TASK PROMPT:
Taking only the lines of the data below from the line with "胡正荣教授首先从党的二十大报" to the line with "Rose has hurt", ends included, write them out exactly and without pictures.

DATA SEGMENT:
————
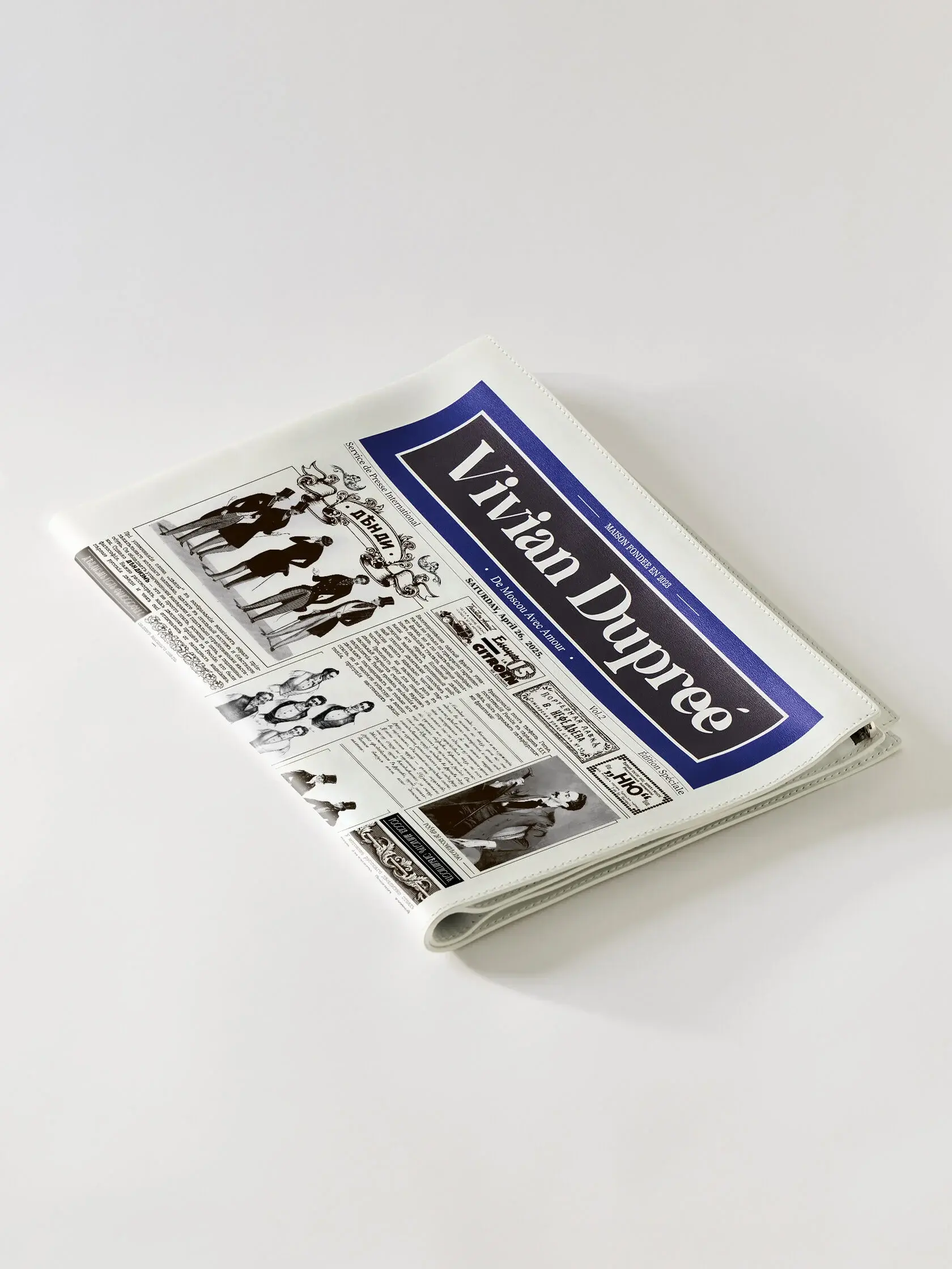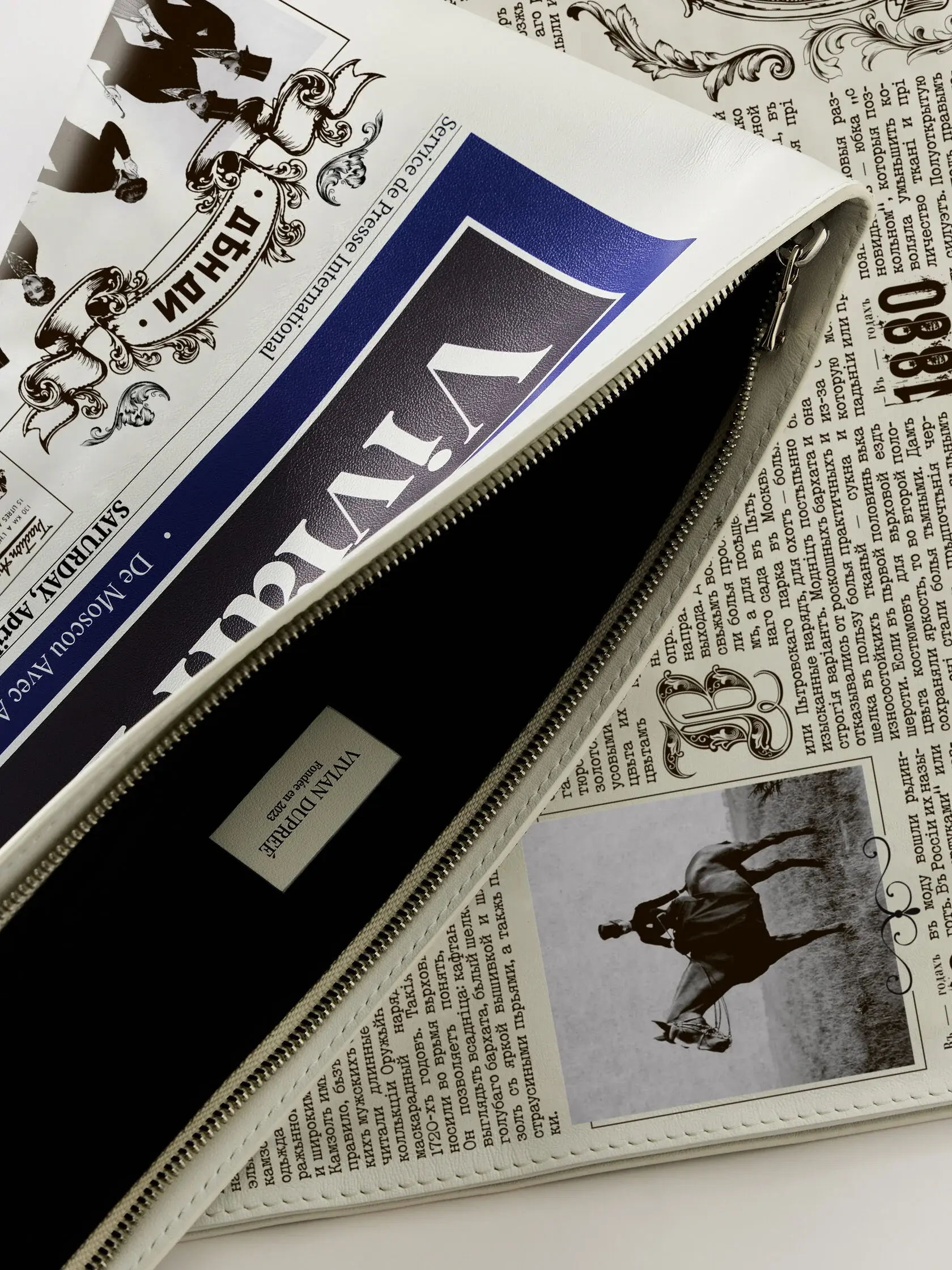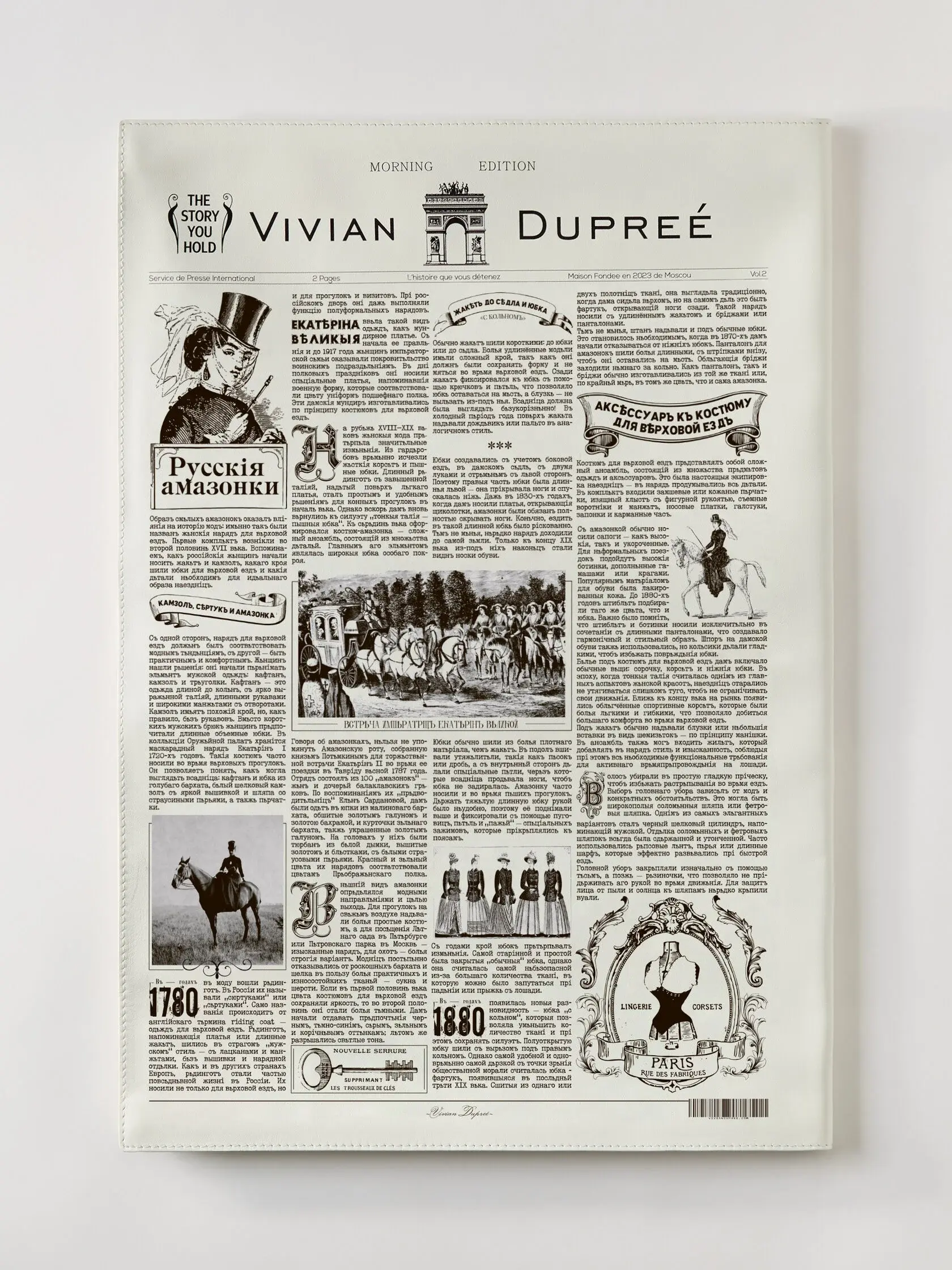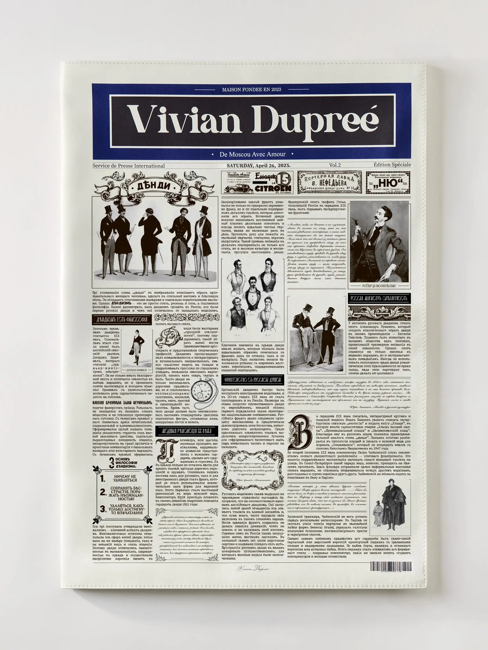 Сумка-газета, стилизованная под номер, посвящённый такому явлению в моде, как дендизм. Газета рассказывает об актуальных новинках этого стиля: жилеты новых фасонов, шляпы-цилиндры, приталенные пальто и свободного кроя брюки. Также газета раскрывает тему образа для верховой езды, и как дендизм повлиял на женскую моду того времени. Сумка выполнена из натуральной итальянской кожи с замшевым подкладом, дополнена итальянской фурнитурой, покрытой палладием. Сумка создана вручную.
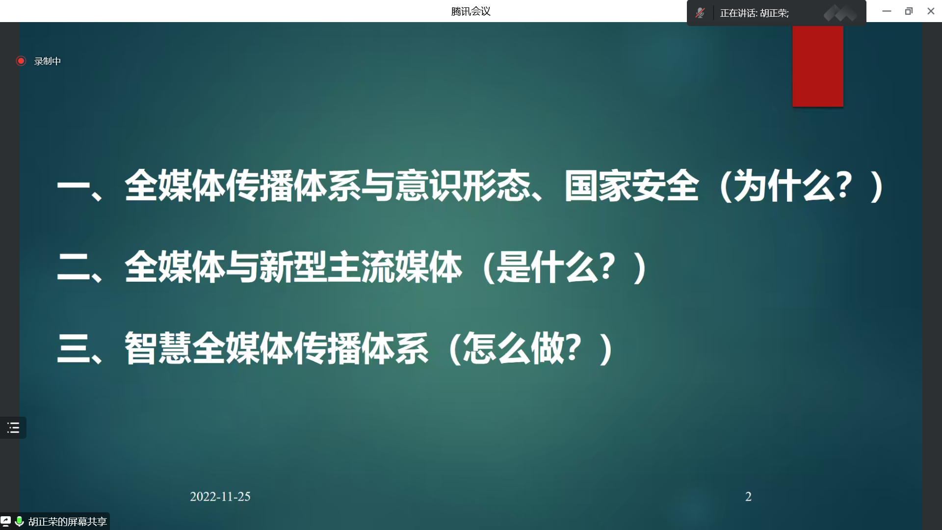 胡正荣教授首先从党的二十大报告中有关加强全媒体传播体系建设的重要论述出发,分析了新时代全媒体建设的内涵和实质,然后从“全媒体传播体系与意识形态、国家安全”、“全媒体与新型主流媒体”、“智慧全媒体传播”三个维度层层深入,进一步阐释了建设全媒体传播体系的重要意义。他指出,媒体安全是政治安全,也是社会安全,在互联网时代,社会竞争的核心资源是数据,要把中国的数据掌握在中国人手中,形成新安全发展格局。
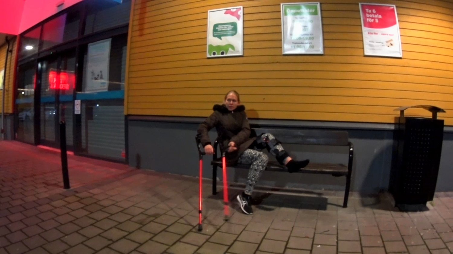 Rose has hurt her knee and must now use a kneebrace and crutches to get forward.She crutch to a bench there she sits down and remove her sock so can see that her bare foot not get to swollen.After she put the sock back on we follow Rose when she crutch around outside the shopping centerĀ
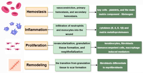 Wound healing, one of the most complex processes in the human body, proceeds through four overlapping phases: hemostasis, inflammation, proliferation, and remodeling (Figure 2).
————
EXERCISE RESULT:
 胡正荣教授首先从党的二十大报告中有关加强全媒体传播体系建设的重要论述出发,分析了新时代全媒体建设的内涵和实质,然后从“全媒体传播体系与意识形态、国家安全”、“全媒体与新型主流媒体”、“智慧全媒体传播”三个维度层层深入,进一步阐释了建设全媒体传播体系的重要意义。他指出,媒体安全是政治安全,也是社会安全,在互联网时代,社会竞争的核心资源是数据,要把中国的数据掌握在中国人手中,形成新安全发展格局。
 Rose has hurt her knee and must now use a kneebrace and crutches to get forward.She crutch to a bench there she sits down and remove her sock so can see that her bare foot not get to swollen.After she put the sock back on we follow Rose when she crutch around outside the shopping centerĀ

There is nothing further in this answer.